Exercise aim =>
All entries below are to be returned exactly, with pictures left out.

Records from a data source
*** Block opens ***
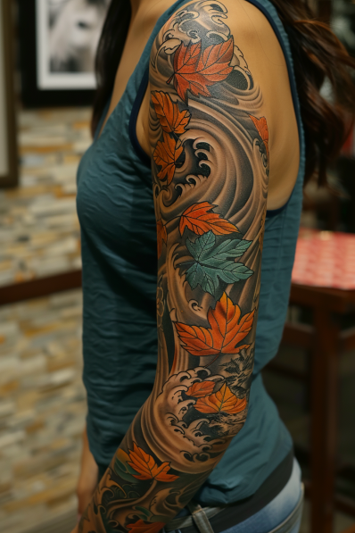 I m absolutely loving the autumn vibes of this leaves and wind sleeve! It s like you can almost feel the cool breeze and hear the rustling of the leaves. The way the leaves are so carefully detailed really brings out the beauty of the season, while the swirling wind adds a dynamic, almost hypnotic movement to the design. It s a perfect blend of nature s beauty and the changing of seasons, making it an ideal choice for anyone who loves fall or just appreciates the ever-changing cycle of life. If you re into tattoos that are as full of life as they are artful, this sleeve is a true masterpiece.
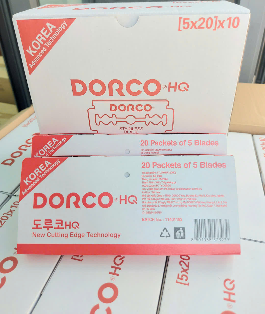 Vỉ 100 hộp lưỡi lam Dorco HQ màu đỏ ( Dao lam Dorco Đỏ) là sản phẩm lưỡi dao Dorco chính hãng Hàn Quốc Sản phẩm có độ mỏng lưỡi dao là 0.075mm giúp lưỡi
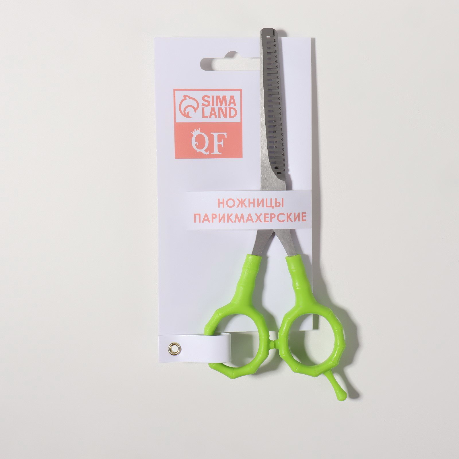 Ножницы филировочные с упором, лезвие 7 см, салатовые, серебристые, 6.5x16.5x0.7 см., QF, Китай
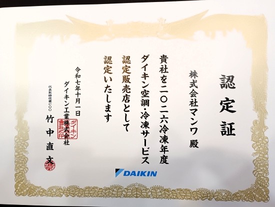 マンワは、ダイキン空調・冷凍サービス認定販売店です。
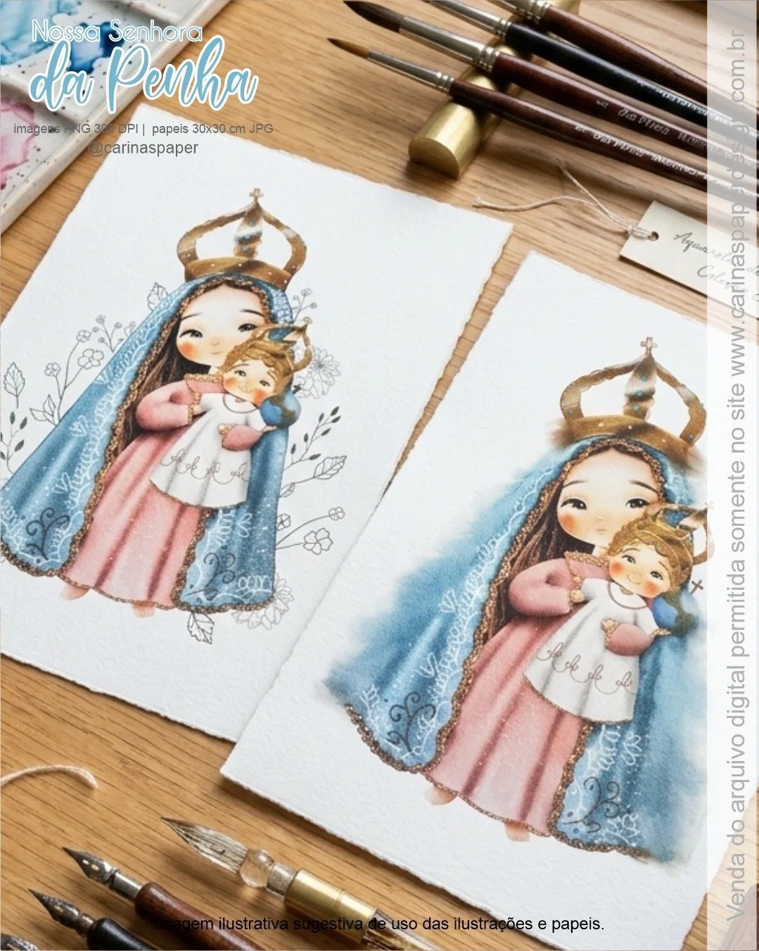 • 43 Ilustrações exclusivas de Nossa Senhora da Penha em estilo delicado e inspirador (formato PNG) entre variações, florais e textos
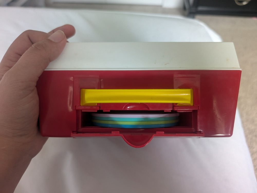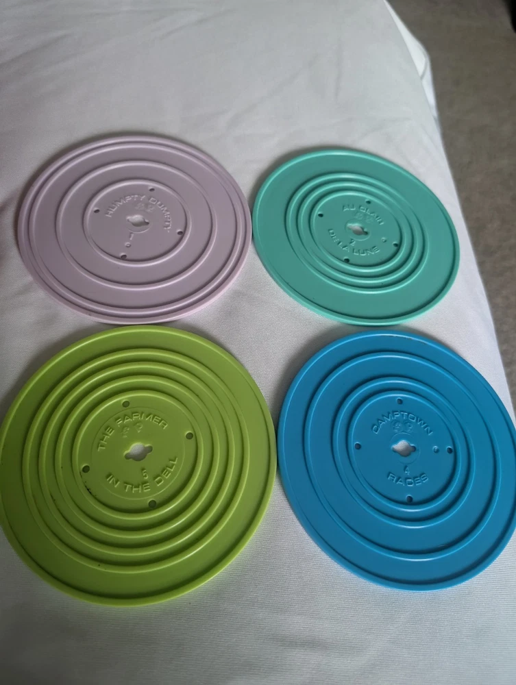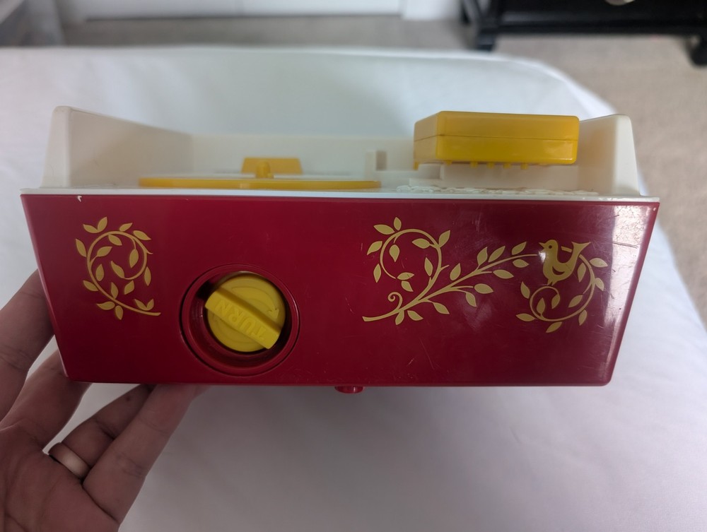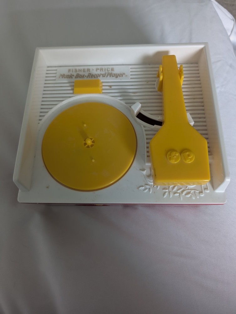 This vintage replica Fisher-Price music box toy record player is a must-have for collectors and children alike this is a parts player as the spring turning the record is broken. Made in the United States in 2014, it is perfect for children aged 3-4 years old. The set includes 4 discs, allowing for hours of musical fun. Please note the box works outside of the spring to turn the record is broken. The player will play if you manually turn the record so all other parts seem great. This could be combined with another to fix. All records in good shape The brand, Fisher-Price, is known for its high-quality and durable toys, and this music box is no exception. It is a great addition to any preschooler's toy collection and is sure to provide endless entertainment. Whether you are looking for a gift for a young child or want to add to your own collection, this music box is a perfect choice.
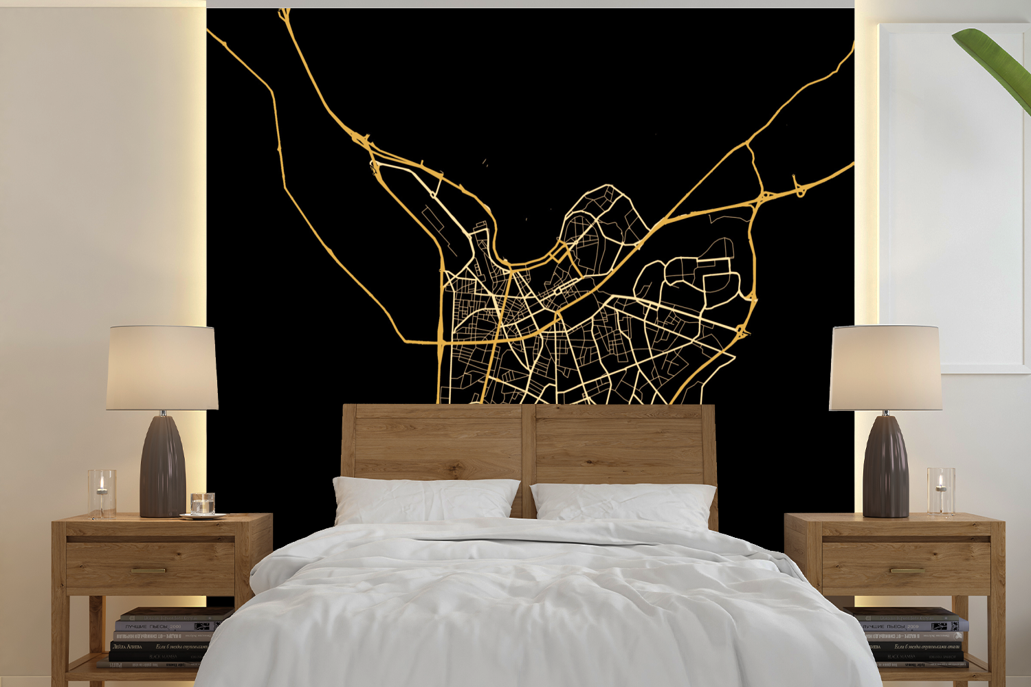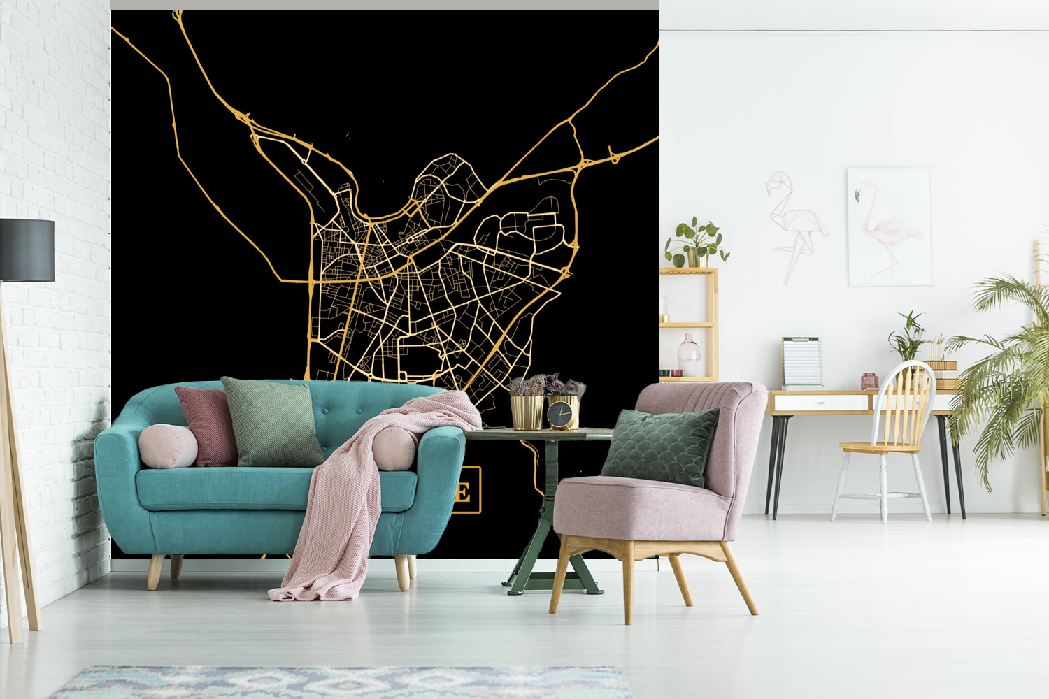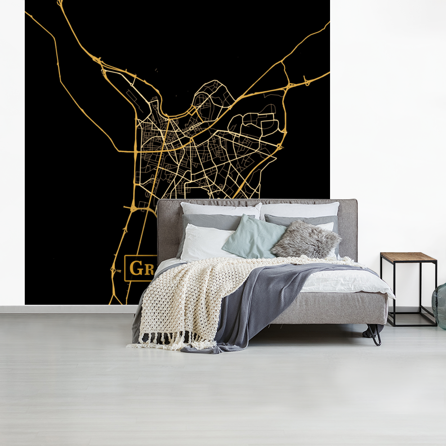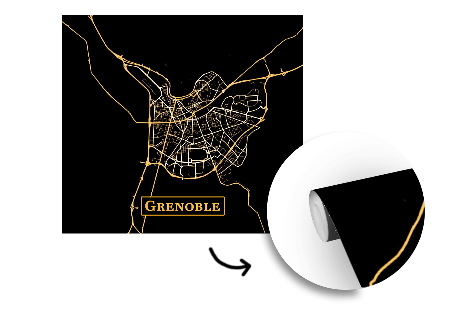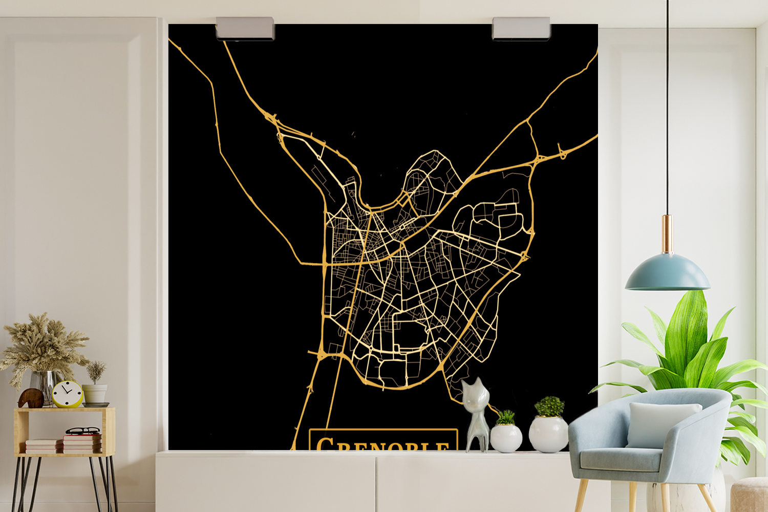 Libellé Papier peint Carte - Grenoble - Noir - Or Papier peint photo 280x280 cm Papier peint imprimé
*** Block closes ***
Result of this exercise =>
 I m absolutely loving the autumn vibes of this leaves and wind sleeve! It s like you can almost feel the cool breeze and hear the rustling of the leaves. The way the leaves are so carefully detailed really brings out the beauty of the season, while the swirling wind adds a dynamic, almost hypnotic movement to the design. It s a perfect blend of nature s beauty and the changing of seasons, making it an ideal choice for anyone who loves fall or just appreciates the ever-changing cycle of life. If you re into tattoos that are as full of life as they are artful, this sleeve is a true masterpiece.
 Vỉ 100 hộp lưỡi lam Dorco HQ màu đỏ ( Dao lam Dorco Đỏ) là sản phẩm lưỡi dao Dorco chính hãng Hàn Quốc Sản phẩm có độ mỏng lưỡi dao là 0.075mm giúp lưỡi
 Ножницы филировочные с упором, лезвие 7 см, салатовые, серебристые, 6.5x16.5x0.7 см., QF, Китай
 マンワは、ダイキン空調・冷凍サービス認定販売店です。
 • 43 Ilustrações exclusivas de Nossa Senhora da Penha em estilo delicado e inspirador (formato PNG) entre variações, florais e textos
 This vintage replica Fisher-Price music box toy record player is a must-have for collectors and children alike this is a parts player as the spring turning the record is broken. Made in the United States in 2014, it is perfect for children aged 3-4 years old. The set includes 4 discs, allowing for hours of musical fun. Please note the box works outside of the spring to turn the record is broken. The player will play if you manually turn the record so all other parts seem great. This could be combined with another to fix. All records in good shape The brand, Fisher-Price, is known for its high-quality and durable toys, and this music box is no exception. It is a great addition to any preschooler's toy collection and is sure to provide endless entertainment. Whether you are looking for a gift for a young child or want to add to your own collection, this music box is a perfect choice.
 Libellé Papier peint Carte - Grenoble - Noir - Or Papier peint photo 280x280 cm Papier peint imprimé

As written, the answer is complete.